Dengan sisa tenaga yang dipunya, preman itu mendorong kaki Malik, bergegas bangun dan lari tunggang langgang.
Malik tak begitu memperdulikan preman itu, ia lantas menghampiri Nia yang terlihat akan segera tumbang.
"Trima.. kasih.." nafas Nia memburu, gadis itu mengupayakan senyum termanisnya disela merasakan seluruh badannya remuk.
Malik mengangguk pelan, meraih tangan kanan Nia dan meletakkan pada pundaknya, sebelah tangannya ia gunakan untuk menopang pinggang Nia.
"Aghnia, maafin aku nggak bisa bantu kamu" ujar Monica yang baru sampai dan berdiri di samping Malik memeluk totebag temannya itu.
Nia menghemat tenaganya, ia hanya mengangguk dan menunjukkan ibu jari tangan kirinya.
"Bisa jalankan?" Tanya Malik dengan ragu, dijawab anggukan oleh Aghnia.
Mereka bertiga berjalan beriringan, langkah mereka bagaikan kucing bunting yang akan segera melahirkan, sangat pelan.
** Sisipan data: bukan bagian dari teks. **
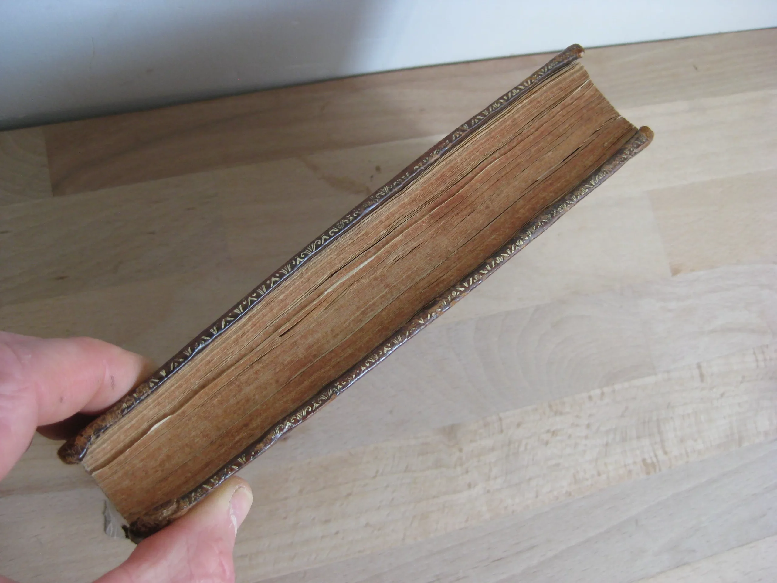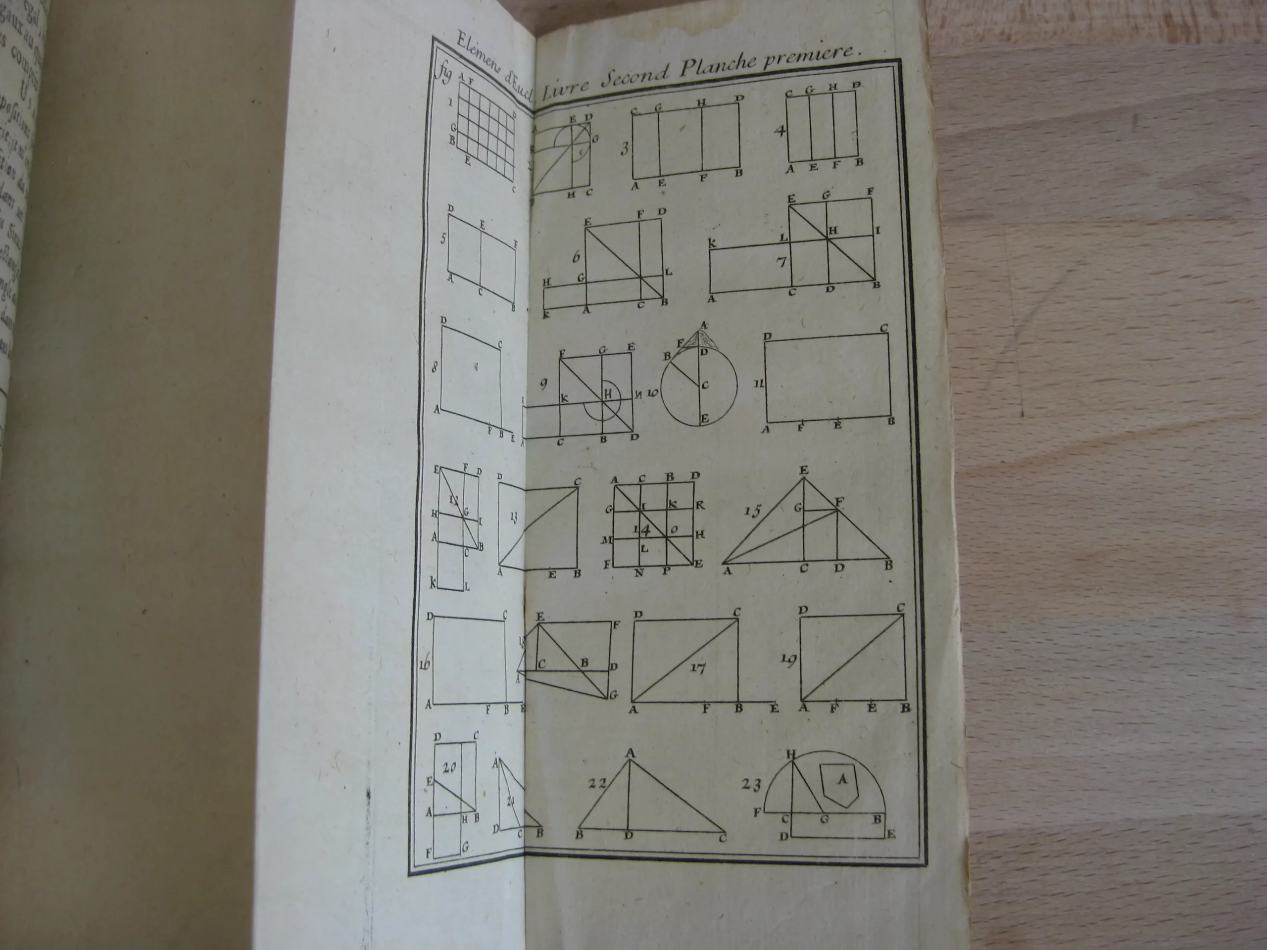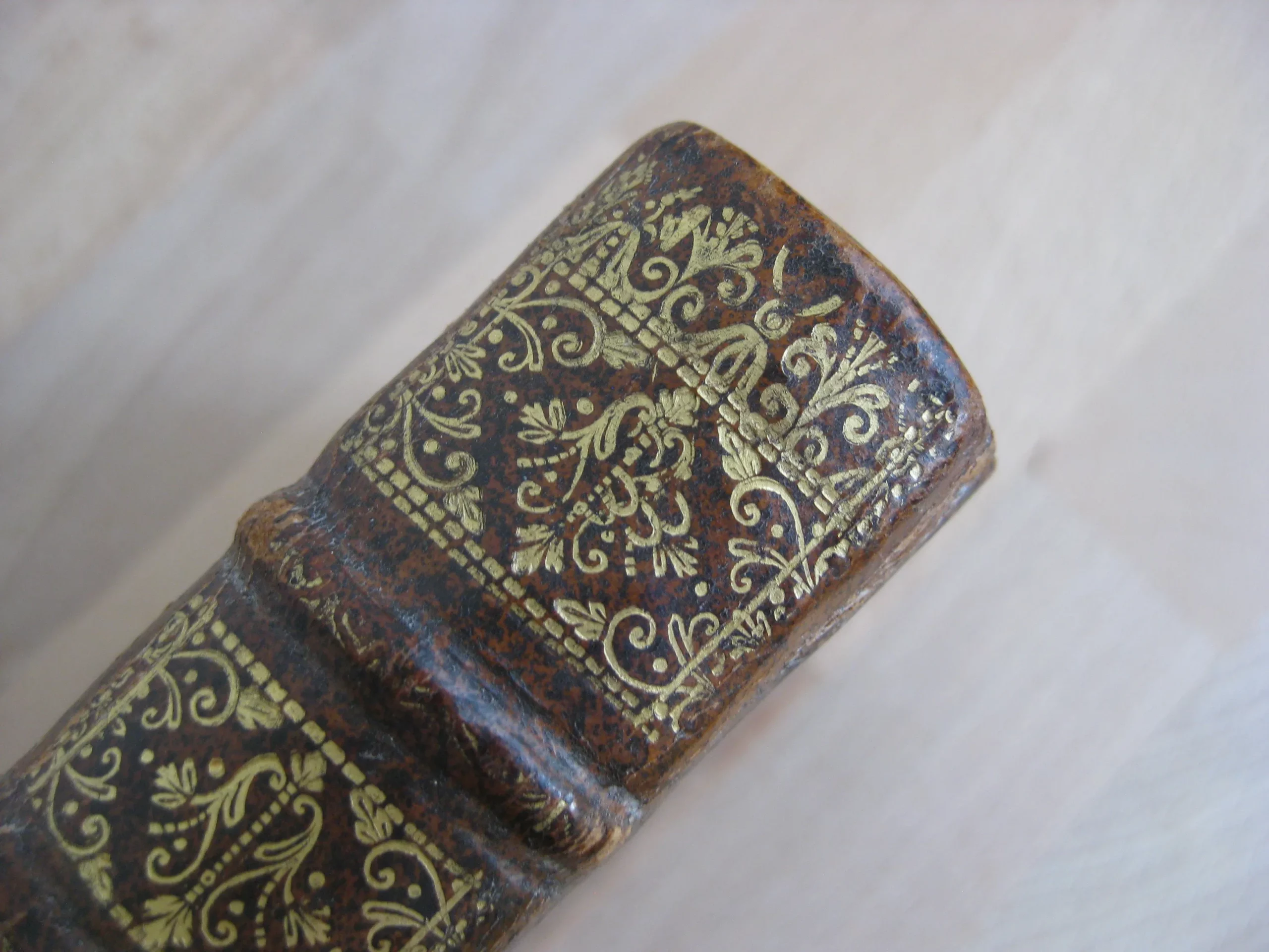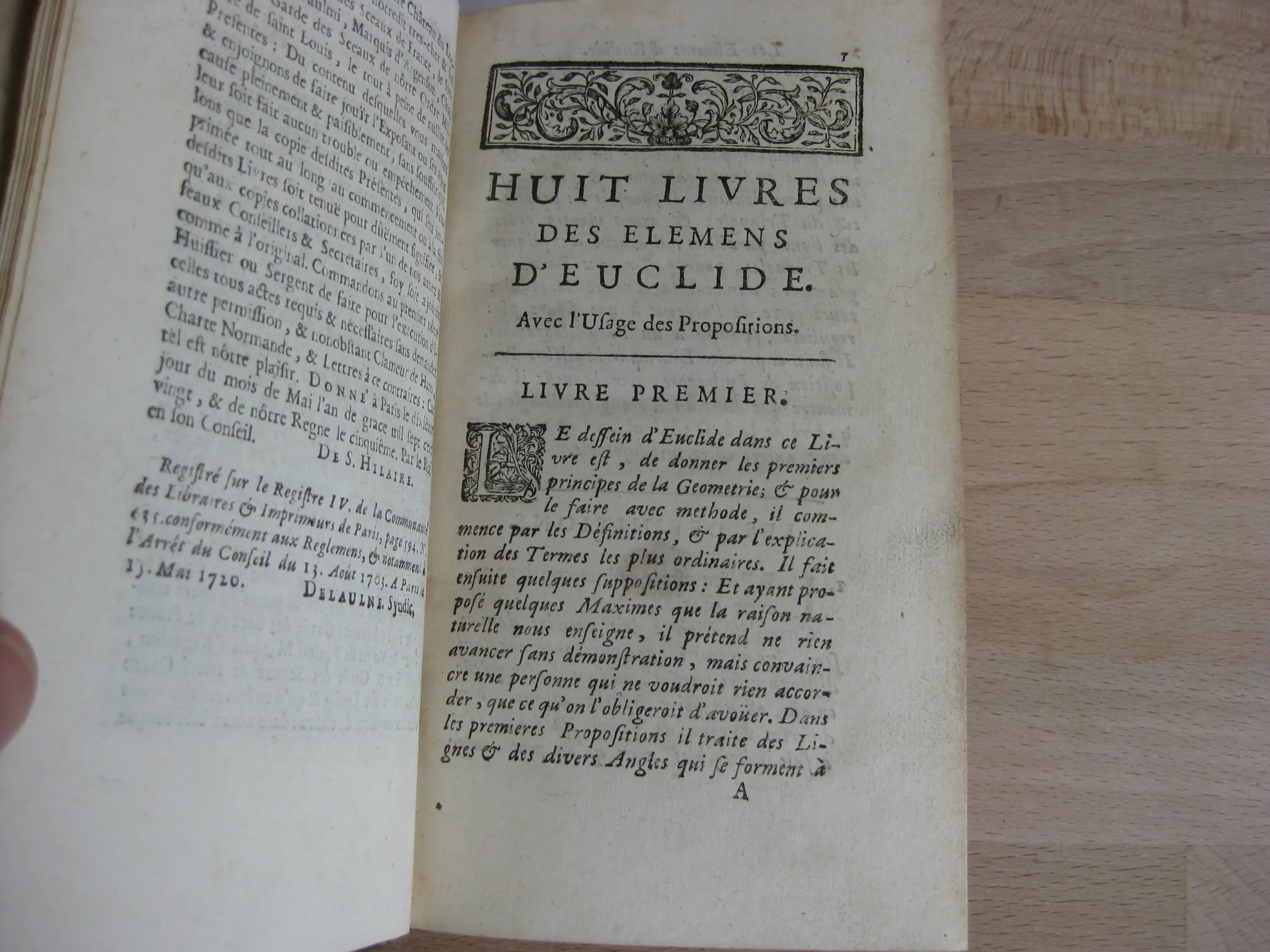 Les Elemens d’Euclide expliquez d’une manière nouvelle & trés-facile, avec l’usage de chaque proposition pour toutes les parties des mathematiques P. Dechalles – Chez Claude Jombert Plein veau marbré, dos à cinq nerfs, fleuronné aux caissons et orné d’un pièce de titre en maroquin lie de vin, tranches jaspées rouges, 170 x 101, 360p. 1720. Nouvelle édition, revûë, corrigée & augmentée.(Livres I à VI, XI et XII, Brunet). Ex-libris manuscrit « Podiani » en page de garde. Avant la lettre : Avertissement, Errata, Adresse au lecteur, Avant-propos, Approbation et Privilège, 10p. Puis le texte : Livre I avec 5 planches dépliantes ; Livre II, 1 planche dépl. ; Livre III, 2 planches dépl. ; Livre IV ; Livre V, avec 1 pl. dépl. ; Livre VI, 2 pl. dépl. ; Livre XI, 2 pl. dépl. Livre XII, 3 pl. dépl. Soit complet de ses 16 planches hors texte, toutes intègres. Intérieur bon, frais, intègre. Coins et champs frottés. Plats frottés avec griffes, rides et épidermures. Mors ridé et frotté, mors supérieur brièvement ouvert en tête. Dos en bel état, nerfs, coiffe et queue avec épidermures. Bel exemplaire bien ferme.

Beberapa saat kemudian Nia kehilangan kontrol tubuhnya, gadis itu limbung.
"Nia!" Pekik Monic kaget.
Malik yang melihat tanda tanda pingsan Nia berhasil menopang gadis itu agar tidak sampai jatuh. Ia membopong gadis itu dan berjalan dengan cepat menuju ruang kesehatan kampus.
Setelah sampai, tubuh Nia direbahkan di ranjang ruang kesehatan, disampingnya dokter yang berjaga melihat dengan prihatin wanita yang dibawa Malik.
Setelah dokter memeriksa, Malik menjelaskan inti kejadian yang dialami Nia. Dokter menyarankan agar Nia dirujuk ke rumah sakit karena dugaan luka akibat pukulan yang keras.
Namun Malik bimbang, ia meminta dokter untuk memberikan obat sementara, menunggu Nia sadar dan meminta persetujuannya.
"Malik, trimakasih ya" ucap Monica yang berdiri disampingnya.
"Hm? Buat apa?" Heran Malik, ia merasa tidak membantu Monica sama sekali
"Sudah membantu Aghnia" tutur monica, gadis itu tersenyum mengerling, memutar tubuhnya menghadap ke arah Malik
"Malik, boleh aku minta nomor ponselmu?" Tanya Monic lagi. Monic tidak akan membuang kesempatan emas ini.
Malik mengernyit, ia menggelengkan kepalanya, pria itu menangkap sinyal lawan jenis yang sedang menyukainya, bukan bermaksud PD hanya saja tingkah Monica terlihat sangat jelas.
"Aku pergi dulu" pamit Malik.
"Eh... Kamu nggak nunggu Nia bangun?" Tanya Monica,
namun lelaki itu tidak menggubrisnya dan tetap melangkahkan kakinya kluar dari ruang kesehatan. Monica hanya menatap punggung Malik yang semakin menjauh.
"Indahnya hamba tuhan yang satu itu" gumam Monica enggan melepas pandangannya dari Malik.